Everything looked promising. There was buzz. And more buzz. A hyped-up, record-shattering Kickstarter campaign.
Then came a years-long pause in construction due to cost overruns and an unwillingness from banks to offer Sousa loans due to the perceived risk of opening a restaurant in Braddock and his shaky credit history surrounding his prior ventures: Salt of the Earth, Union Pig and Chicken, and Station Street.
The 2,000-plus Kickstarter backers waited to cash in on their rewards. “Will he ever open?” stories ran in local and national publications while at the same time, even though nothing had happened, “Kevin Sousa’s soon-to-open Superior Motors” became part of the oft-repeated, overwrought hymn praising Pittsburgh’s “booming foodie scene.”
It took an angel investor to step in as the lead of a small group of private financiers to get things going.
In July, Superior Motors opened.
In an early online look at the restaurant, I drew a comparison between Superior Motors and Salt of the Earth, Sousa’s 2010 Garfield restaurant that, alongside Dinette, Cure, Bar Marco and a few others, spurred Pittsburgh into its modern dining era. “If Salt was Sousa’s ‘Sense and Sensibility,’ this is his ‘Pride and Prejudice,’” I wrote. “It’s written in the same voice, but the characters are more compelling.” This still rings true.

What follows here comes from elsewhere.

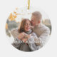 Rustic Holly Pine Newlyweds 2-sided Custom Photo Ceramic Ornament

As a restaurant, Superior Motors is pretty much exactly where it should be at this point in its development. The menu isn’t rooted in any particular cuisine, per se, so let’s call it “New American with hints of farm-to-table and an occasional detour to Japan.”
Just about everything is tasty. There are a handful of clunkers, such a chewy, over-fried skate wing, but, more often than not, the often-changing menu is enjoyable. As an example, I was thrilled with the textures, balanced flavors and bright plating of fresh-as-the-sea hamachi dressed with avocado, black garlic and pineapple.

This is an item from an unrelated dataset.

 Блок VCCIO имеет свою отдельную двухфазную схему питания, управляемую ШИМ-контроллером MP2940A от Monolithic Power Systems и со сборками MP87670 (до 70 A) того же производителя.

That’s not to say that many dishes couldn’t use a little editing; Sousa’s style is more cerebral than soulful, which is fine because even though I’d sometimes like to see him cook more from the gut, he’s very good at what he does. Occasionally, though, that leads to overcomplicated offerings. For example, trout roe added color but no character to “Pork,” a dish that a friend loved (because he enjoys assembling a perfect bite every time) but other dining companions felt was too composed for its own good. “Tuna” was a stunning set piece of color, yet the cover was better than the story — a sea of bitter olive tapenade overwhelmed the meaty fish.
The main dining room is a grey study in poured concrete, with various levels creating a sense of movement. Snag one of the standard-height tables in the center of the room — make sure you get a seat that faces the dramatic flares coming from the Edgar Thomson Steel Works — and you’re set for a comfortable, lively evening. But the high-top tables on the far wall are long rectangles that jut away from diners — which can lead to awkward seating for groups of four — and it’s near-impossible to get cozy at the low lounge tables near the windows (the view from those seats is stunning, however). There also is a chill second dining room brightened with art by Pittsburgh-based Mia Tarducci (her work is on display throughout the restaurant) — depending on your mood you’ll either enjoy the quiet or feel isolated from the main action, as if you were banished to the kids’ table instead of being invited to the party.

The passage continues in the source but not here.